プロローグ『紅魔郷』
遂に第2章開幕です!!
それは、とある吸血鬼の男の話。
その吸血鬼には、3人の子供がいた。
一人は、男と番となる吸血鬼の間にできた『真祖』の吸血鬼。
残り2人は、男と男に仕える人間との間にできた、『半魔』の吸血鬼だ。
真祖の吸血鬼……ヴラド・スカーレットは父や母に教えを乞い、あらゆる『魔術』と真祖としての不死の肉体を手に入れた。
陽の下に出ても何ら問題はなく、真祖故に強い力を持つその体は、一般に言われる吸血鬼……半魔の弱点を全て覆していた。
それもそのはずだ。半魔の弱点は、真祖の吸血鬼と人間の性細胞の化学反応によって起こる拒絶反応の一種であるからだ。
吸血鬼に話を戻そう。本来、彼らは欧州のとある国でひっそりと生きていた。
だが、ある日。吸血鬼の家族に、異変が起こる──。
◇◆◇◆◇
──200年前、ヨーロッパのとある国──
それは、酷い雨の降る日だった。
雷鳴が鳴り響く中で、俺たち……スカーレット一家は食事をしていた。
スカーレット一族は、吸血鬼の中でも特異とされた一族だ。
人間と共に生きることを望み、少量の人間の血と引き換えに、紅魔城で人を住ませている。
夜中の警備は本家であるスカーレット家の分家に当たる一族が担当し、昼間は人間たちが見回りをする。

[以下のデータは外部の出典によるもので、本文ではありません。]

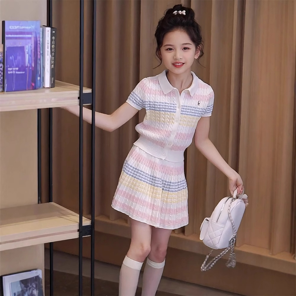 女の子の初夏のニットのスカートの2025の新型のカラーの半袖のカーディガンの上着の子供の百のスカートの洋風の2つのセット

この城には、この城だけの上下関係が成立し、本来なら人々の誰も入ることは許されない──その、はずであった。
「あら、ヴラド。眠れないの?」
「ああ……パチェか。……うん」
俺はこの城に住む人間の1人、大魔術師パチュリー・ノーレッジ……通称パチェの言葉に応じる。
「まあ、それも仕方ないわね。……ドラクル様なら、きっと大丈夫よ」
「ならいいんだけどさ……」
俺の父親、ドラクル・スカーレットは偉大な吸血鬼にして、国の英雄であるらしい。
なんでも、過去の大国からの猛攻を防ぎきり、この国を守ったとか。
その功績もあり、今のこの領地を与えられた。真祖であるから、昼の公務にも出席できる。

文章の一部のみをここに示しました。